Various repair methods can be employed to repair photolithography masks. Repair work can be affected, for example, using ion beams or what is called nano-machining. A repair based on irradiation of the material with laser beams can be well-suited for large defects. This method can be particularly well-suited for “opaque” defects, i.e., for defects wherein excessive material is present and needs to be removed. If the laser beam is supplemented by a depositing means for deposition of material, “transparent” defects can be corrected, i.e., defects where material is missing.
For defects having particularly small structures and for masks by which a high structural resolution is to be achieved, further methods can be better-suited, for example, a repair method based on electron beams. This method can enable removal of material in the case of “opaque” defects and the addition of material in the case of “transparent” defects. This is affected by an additional deposition mechanism, in which the electron beam induces a chemical reaction in the deposition material, so that the added molecules combine with the material structure. However, in the case of large defects, this method can be very slow, such that it can be efficiently employed only for small defects. On the other hand, the repair using laser beams enables the treatment of large defects. However, due to its low resolution, the method can be very inaccurate.

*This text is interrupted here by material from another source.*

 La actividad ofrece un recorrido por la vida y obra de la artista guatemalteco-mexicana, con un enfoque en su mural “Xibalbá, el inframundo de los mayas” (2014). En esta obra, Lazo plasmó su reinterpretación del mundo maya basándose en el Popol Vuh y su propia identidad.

In known repair devices, only one of the methods is usually implemented. However, since both small and large defects may occur on one type of mask, the repair of the defects is complex and may take very long under certain circumstances. Also, such apparatus can be inflexible with respect to the repair of different types of mask—each type representing a structural resolution which is achievable by this mask on a wafer, e. g., 32 nm, 45 nm, 65 nm, or 90 nm.

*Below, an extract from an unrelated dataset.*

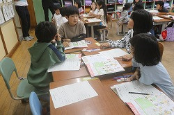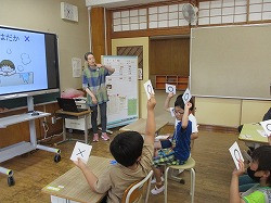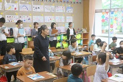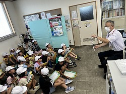図書館の司書の方にお話を聞いた後、自分たちで読みたい本を探し、自分で貸し出しの手続きを行いました。待っている間は、読み聞かせをしていただき楽しい時間を過ごしました。子どもたちが考えた質問にも答えていただき、図書館のひみつをたくさん知ることができました。まだまだ、図書館のことを知りたい子どもたちが多いようです。

WO 2004/006013A1 describes an arrangement for the production of photomasks that comprises a defect control system and one or more repair systems connected thereto, all systems being connected to each other via data links, thus enabling a mutual influence. Both material-depositing and material-removing devices can be used as repair systems. For example, the arrangement may comprise a laser removal system, an atomic force microscope, an ion beam system or an electron beam-based depositing system. The arrangement described in WO 2004/006013A1 may comprise a database system which can make a repair suggestion for detected defects that are known and have been previously stored. An essential aspect of WO 2004/006013A1 is the integration of measurement and repair systems within the arrangement for producing the mask. In this case, a defect is analyzed in the arrangement and one of several repair methods is selected. This step can be carried out repeatedly. However, this arrangement is designed for the repair of only one type of mask.
There is therefore a need for an improved method and device for the repair of photolithography masks.